How do you balance #Mg + H_3PO_4 -> Mg_3(PO_4)_2 + H_2#?

1 Answer
May 11, 2018

Answer:

#2H_3PO_4 -> Mg_3(PO_4)_2#

Explanation:

Balancing chemical equations always involves a bit of algebra, and maybe some trial-and-error. The objective is always to ensure that the numbers (moles) of each element are the same on each side of the equation.
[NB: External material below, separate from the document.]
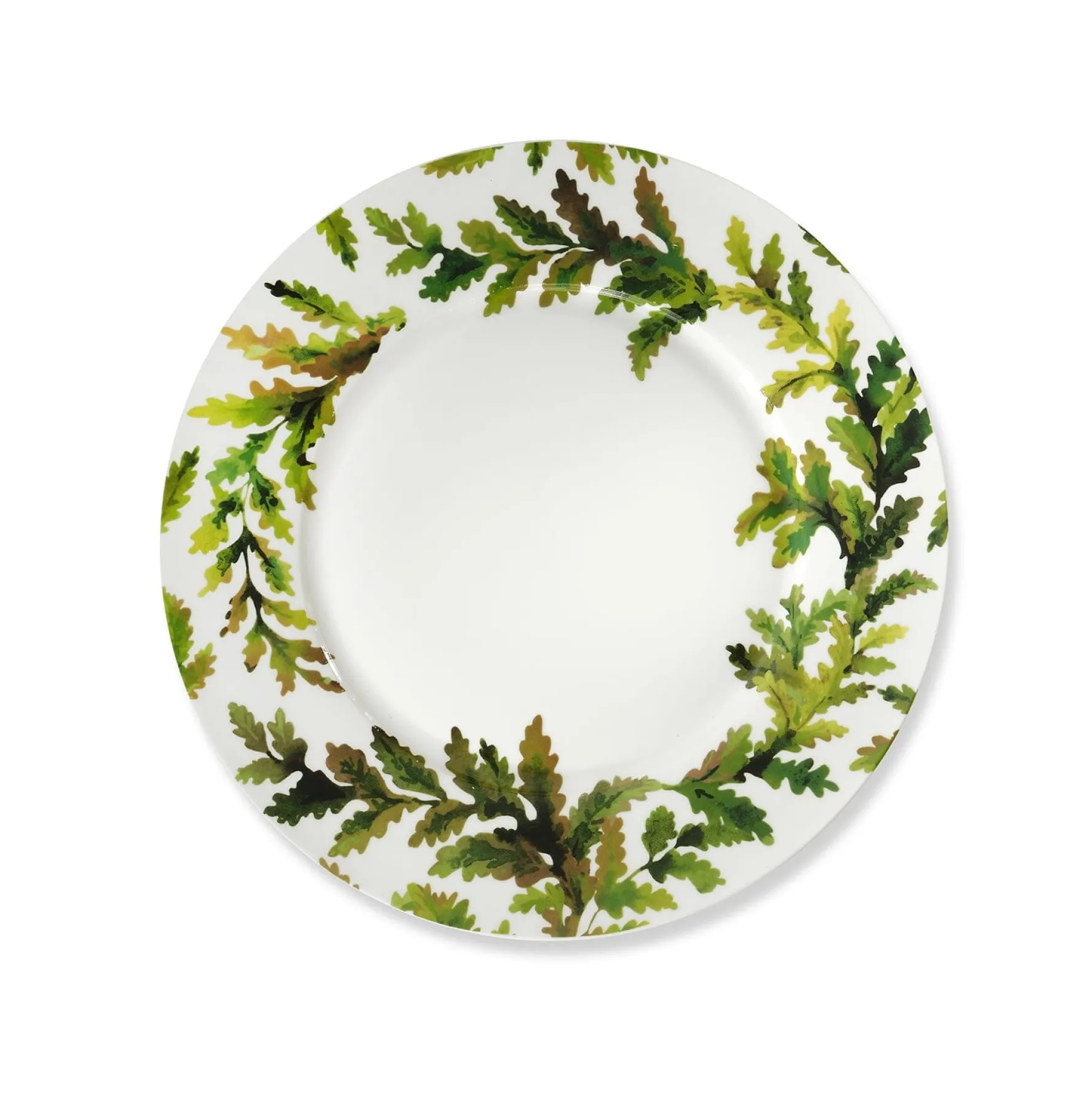 Lovely white bone china plate embellished with green leaves perfect for Thanksgiving, weddings, and birthday gatherings.

In this case it is a redox reaction, so sometimes the use of the oxidation state changes can help. First, the phosphate ion is not changing, just switching partners. The magnesium is being oxidized (#Mg^0 -> Mg^(2+)#) and the hydrogen is being reduced (#H^1 -> H^0#). If we balance that charge transfer, we balance the element quantities involved.
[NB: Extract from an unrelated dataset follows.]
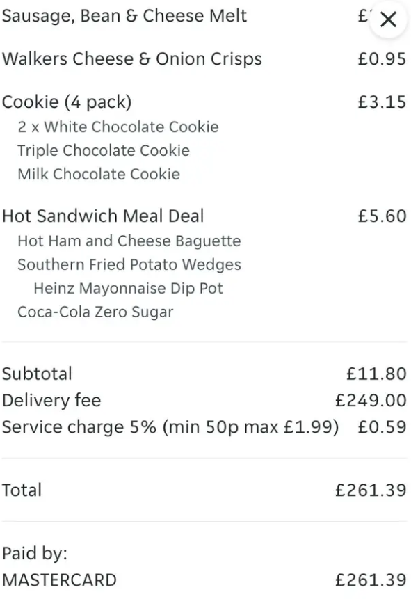 Liam bestilte en Hot Sandwich Meal Deal, fire cookies og Walkers Cheese & Onion-chips, hviket kostede ham cirka 104 kroner.

#Mg + H_3PO_4 → Mg_3(PO_4)_2 + H_2#

The key changes are:
#Mg^0 → Mg^(+2) xx 3# and
#H^(1) xx 3→ H^(0) xx 2#

#Mg^0 → Mg^(+2)# requires giving up 2 electrons
#H^(1)→ H^(0)# requires adding 1 electron

So, there must be twice as many #H# atoms involved as #Mg# atoms. Balancing the #H# first requires increasing the left side by 2 and the right side by 3:
#2H^(1) xx 3→ 3H^(0) xx 2# 6 electrons transfered.
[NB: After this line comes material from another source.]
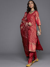 Red Unstitched Banarasi Kurta Set With Handloom Dupatta & Zari Weaving

That means the #PO_4# ion is also changed on the left, and balanced on the right:
#2H_3PO_4 -> Mg_3(PO_4)_2#

Put them all together and check the #Mg# balance:
#3Mg + 2H_3PO_4 → Mg_3(PO_4)_2 + 3H_2#

Total Balance:
#" " Left" "Right#
#Mg" 3" " "3#
#H" " 6 " "6#
#PO_4" 2" " "2#